While sitting in a small consultation room in the CCU after just being told of my Mother's death, and waiting to go in the room and see her; my dad, sister and I began talking about the arrangements. I spoke up and volunteered to say a few words at the funeral. The next day we decided to keep the service short and simple out of consideration for the kids in the family. I was relieved. I would have loved to speak, but I am pretty sure I would have dissolved into a blubbering idiot. Plus, Dr. Ken Hester delivered the perfect message. I did however write a few things down on Friday night and Saturday - plus I've read many stories that friends and family have sent about Mom. What follows is my thoughts mixed in with what others have said in the last few days.
I volunteered to say a few things about my Mom. Which sounded like a good idea until I tried to think of something to say. My mother wasn't typical, so I didn't want to give a typical eulogy - tell when she was born, when she died, where she lived, who she was related too, followed by a few standard words of what she meant to me and my family. I wanted to say something profound, thought, as well as memory,- provoking. But then I remembered that my Mother thought everything I said was brilliant, so I'm just going to go for it.
I'd like to tell you stories about her. But I'm afraid some of those stories might leave the wrong impression; She won Miss Houston and competed in Miss Mississippi - but she didn't fit the beauty queen stereotype. She had weird mom phrases like "I'll make you think..". for example if I said "Mom, I'm going to the lake", she would reply "I'll make you think your going to the lake!" if she had other plans for me. But that might her sound, well, confusing, which she wasn't. I could tell how she look on in disbelief as my father and I put both mashed and sweet potatoes on our plates during a potluck. But that would give the impression that she was fussy, which she wasn't.
Instead, let me tell you about her Legacy. I don't know that Mom ever thought about her legacy. If she did, she kept it to herself. I'll be honest here and admit that I have thought about mine. How will I be remembered? What will be posted to my wife and kid's facebook walls when I'm gone? I'm not sure what mine will be, but if it is half of my Mom's, then I'm an OK guy. Her legacy is tied to the roles she played in life.
First, she was friend. A fierce friend. It's been said she never met a stranger, which is true. She treated just about everyone the same. However, it took her a while to become your friend. But once she did, you had a friend you could "trust with your checkbook" as my Dad would say. She was loyal, a confidant, a counselor, a listener, your chef if that's what you needed, a babysitter (of both children and adults), one who would offer an opinion - even if it wasn't what you wanted to hear, a shoulder to cry on, a partner to cry with, a helper, a giver, one who was always there. We all need friends like her.
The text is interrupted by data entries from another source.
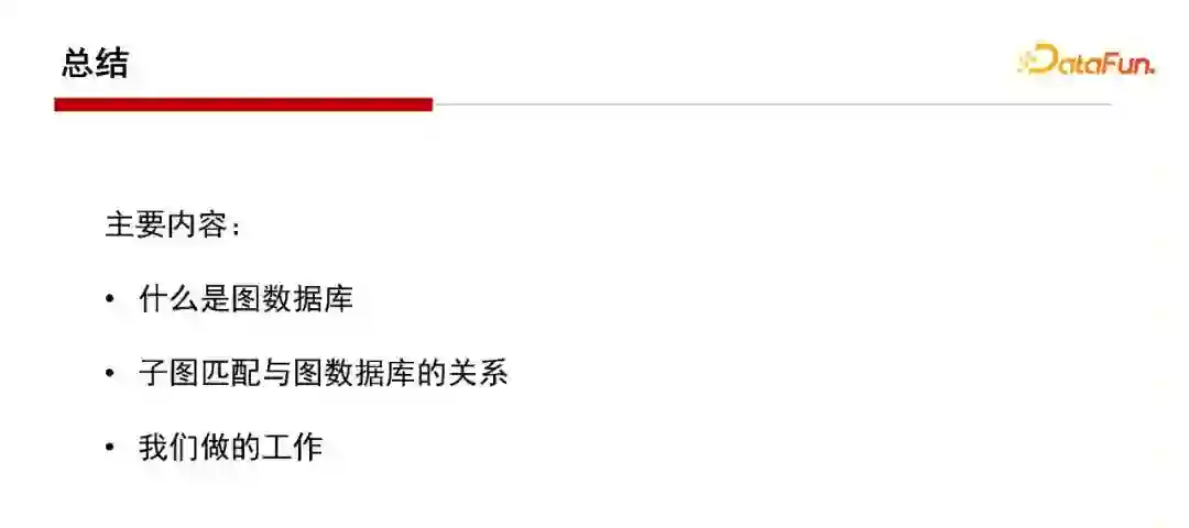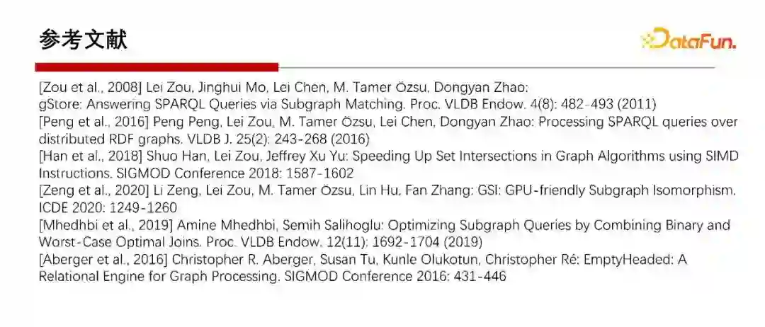 最后,总结一下:首先介绍了什么是图数据库以及我们对图数据库的一些思考;第二个重点关注查询引擎组件的工作,子图匹配和查询引擎之间的关系;第三个是对我们北京大学数据管理实验室(PKUMOD)的相关研究工作的介绍。
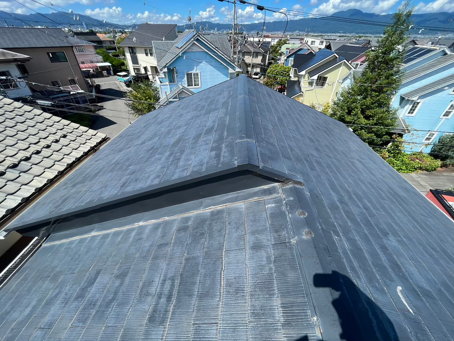 【栗東市】スレート屋根の日焼け、天井のシミでのご相談|屋根てっぺんの捲れが雨漏りの原因です!応急処置まで行いました。
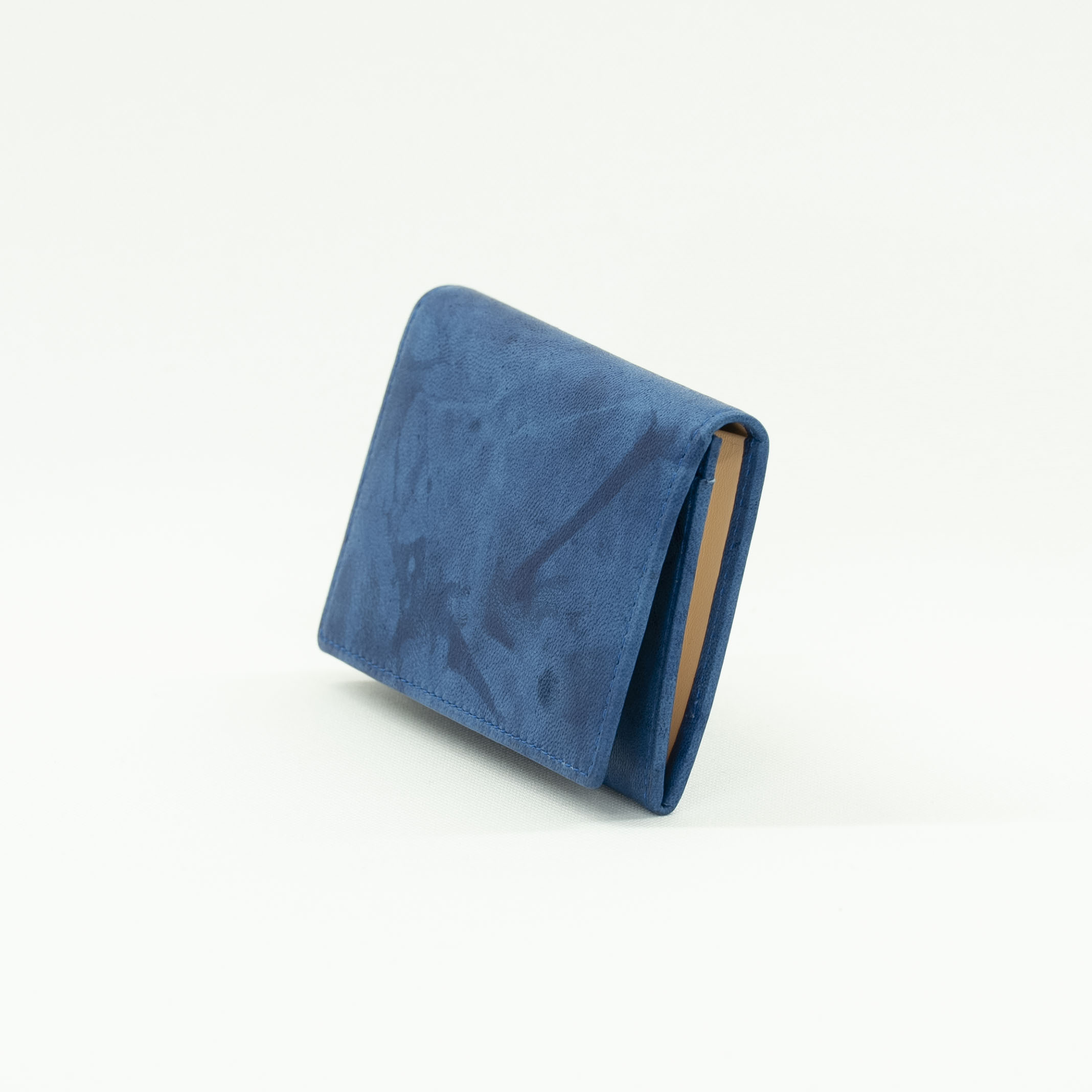 藍染とはタデ科の植物「藍(アイ)」を使った染物。柔らかいシープ革を使い、全て手作業で時間をかけ、手絞りと藍染の樽に漬ける作業を3度繰り返し、日本古来の上品な藍染『ジャパンブルー』が出来ました。手絞りなので模様と色合いはひとつひとつ異なります。
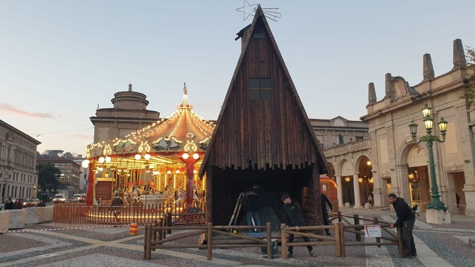 È stata allestita oggi, martedì 24 novembre, la Capanna de L’Eco di Bergamo sul Sentierone: sarà visitabile fino al 7 gennaio.
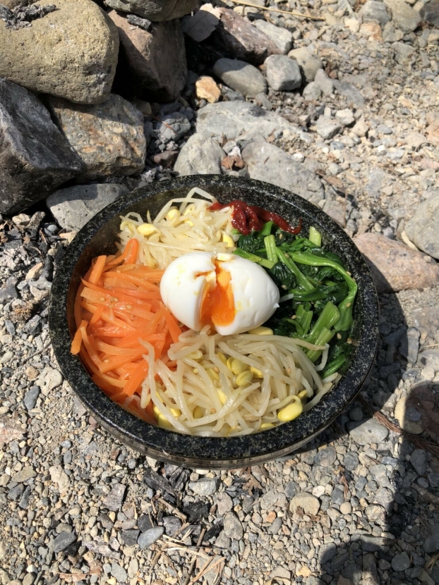 バーベキューと石焼ビビンバと釣りたてのマスの塩焼きを楽しみました。
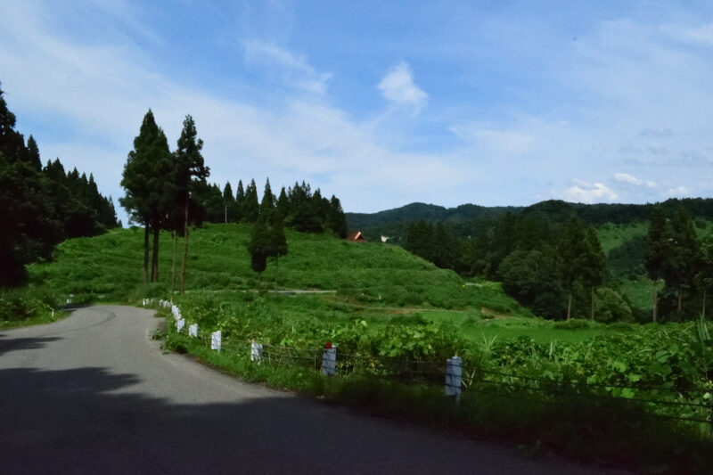 左折すると、このように雄大な景色が広がる。画像がいささか解像度が低いのはなぜだろう。一番解像度が高いカメラで撮影したはずなのだが…。それにしても、青空と緑のコントラストが非常に美しい。その中を進む県道は、なんだか高原の道みたいで、一見すると観光地みたいだ。それにここは、近くの集落の方々によって営農がされており、そのせいか、きちんと土地が管理されている印象を受けた。それもあるのかな、この風景が田舎育ちの私にとっては、なんだかすごく懐かしく思えるのは、気のせいではないと思う。その集落は、この県道の路線名にもなっている五十子平(いかごだいら)。
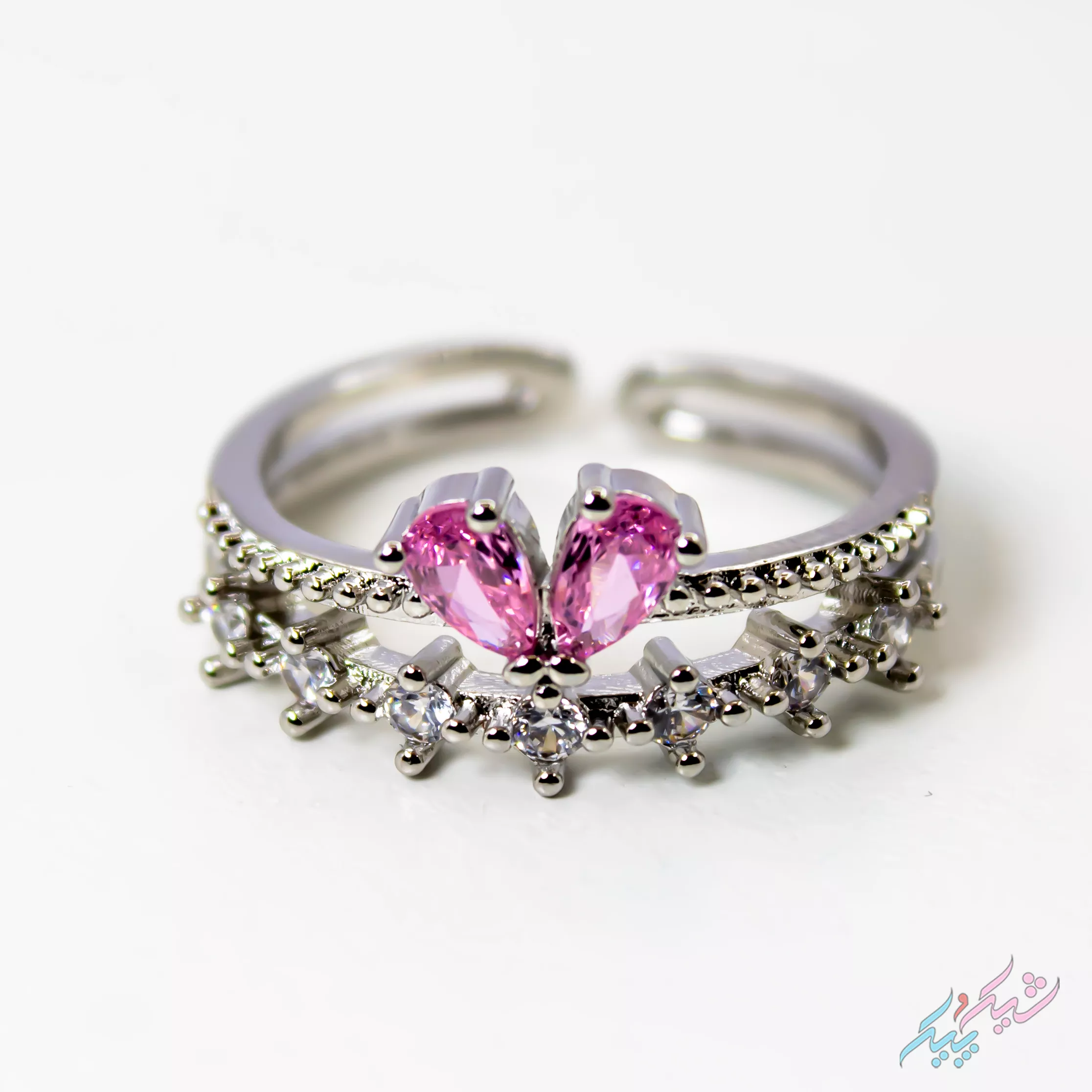 💠 انگشتر بدل تاج الماسی با نگین صورتی: انتخابی لوکس و درخشان برای دستان شما

She was a teacher. She taught people from the nursery to the nursing home. And some of it was in a class setting in Sunday School, VBS or in a college course. I had the privilege of being in a class with her my 2nd semester in college. She even tried to teach the instructor her views of eschatology. I won't mention who got the better grade in that class (though she often did). We received messages describing the way she taught in everyday life. Some have mentioned she taught them what it meant to be a Christ follower. Others have said she taught them to be a Mother, or how to have a Godly marriage. She taught me those things as well. Almost as important, she taught me how to make good cornbread. Recently, she taught me how to face illness, bad news and ultimately, death. I spoke with her last Sunday and she told me "son, if everything is OK, I'll be OK. And if things aren't OK, I'm OK".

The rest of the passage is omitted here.